Pentagon chief denies officials trying to slow down Gitmo transfers

Defense Secretary Ashton Carter is pushing back against suggestions that Pentagon officials have tried to slow down efforts to close the prison at Guantánamo Bay.
“I’ve said from the day I was nominated to be secretary of Defense, I think on balance it would be a good thing to close Gitmo. I completely agree with President Obama about that,” Carter said on CNN’s “Fareed Zakaria GPS” Sunday.
“But here’s the issue, there are people in Gitmo who are so dangerous that we cannot transfer them to the custody of another government no matter how much we trust that government. I can’t assure the president that it would be safe to do that,” he said.
{mosads}Carter’s comments come after the New York Times’s editorial board earlier this month charged that defense officials “have used every bureaucratic trick in the book to slow down the release of inmates,” saying the action “basically amounts to insubordination.”
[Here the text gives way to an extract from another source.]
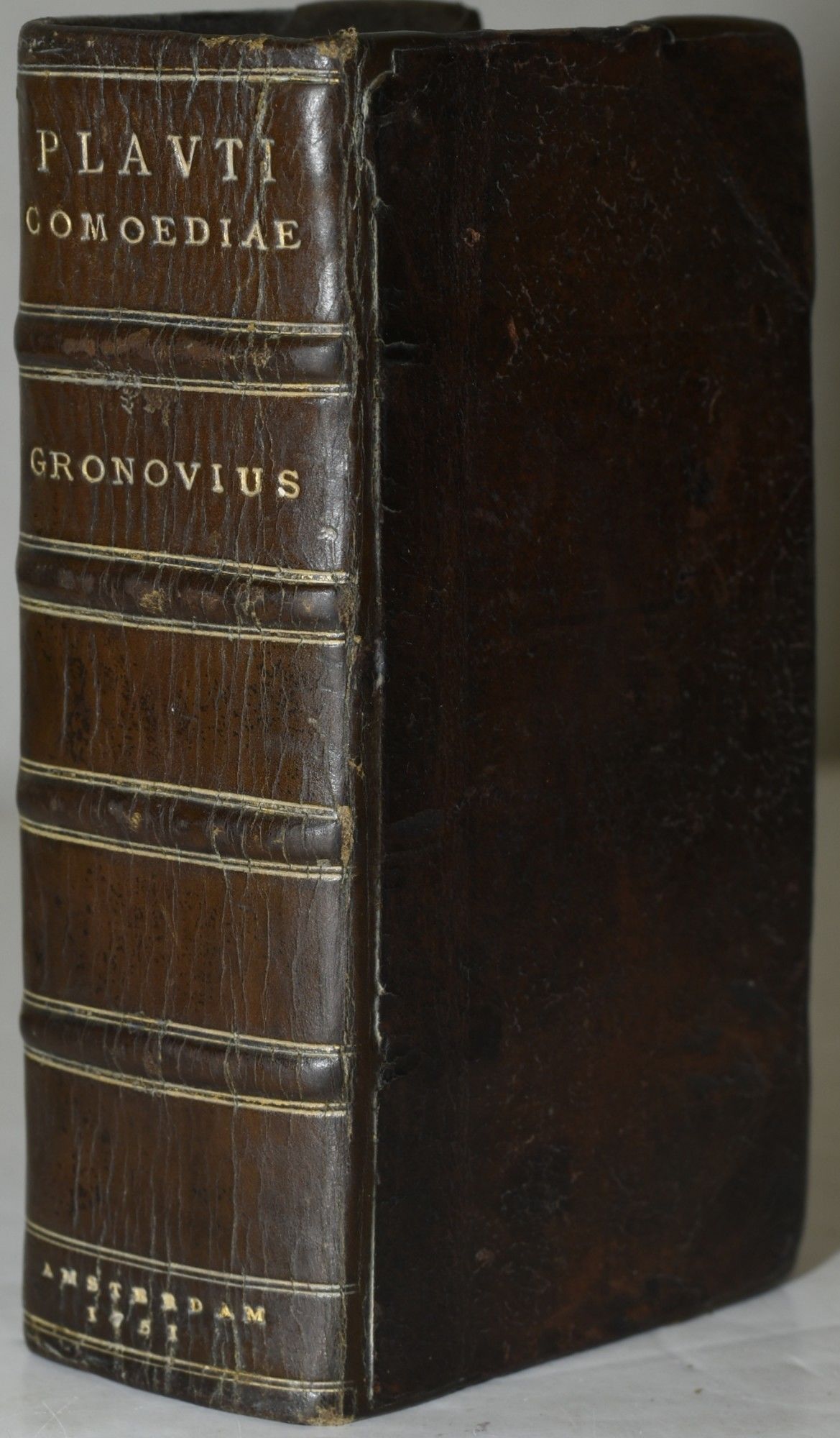 Amstelodami, 1721. Full Leather. Very Good binding. The Comedies of Plautus, edited by Joannes Gronovius. Engraved title page. Collates complete; 715, [5] pp. Small amount of worming, affecting the text on pp. 107-120. Previous owner's name on the front flyleaf, dated 1770. Later spine, and repair by a conservator to the edges of the contemporary boards. Full leather, with raised bands and lettering in gilt on the spine. Binder incorrectly stamped the publication date on the spine as 1751 instead of 1721. Very Good binding.

Carter rejected that characterization Sunday, saying he had sent a proposal to President Obama on bringing detainees to the U.S. He said the president indicated he would submit it to Congress.
“I hope they will support a reasonable plan. We’ll have to see,” Carter said.
The Obama administration has ramped up efforts to reduce the population at Gitmo. Officials transferred 16 detainees in January, bringing the population down to 91. An additional detainee was prepared for departure, but he refused to leave the prison because he was being transferred to a country where he had no family.
The Pentagon, which has authority over releasing the detainees from the military prison, has come under increased pressure in recent months to move those who have been approved for transfer but are awaiting countries to accept them.
Obama has 11 more months in office to fulfill his campaign pledge to shut down the facility, and bring any remaining detainees to a prison facility in the U.S.
The transfers are also a politically contentious issue in some countries that are taking in detainees.
A political opposition leader in Ghana is warning that two Guantanamo Bay detainees recently transferred to that country will “vanish” if that party comes to power, according to a local media report.
The deputy general secretary of the opposition New Patriotic Party, Nana Obiri Boahen, during a recent radio interview called the move by Ghanan President John Mahama “wrong and dangerous,” according to GhanaWeb.
Boahen also accused Mahama of pocketing money from the U.S. in exchange for the transfer. Mahama said he took in the detainees after a direct request by the U.S. government and that “no monetary consideration was made to us,” according to the Associated Press.
The Obama administration transferred two Yemeni detainees to Ghana earlier this month — the first detainees to come to sub-Saharan Africa. The detainees are slated to stay in that country for two years before going on to Yemen. Current U.S. law prohibits transferring detainees to Yemen due to the country’s precarious security situation.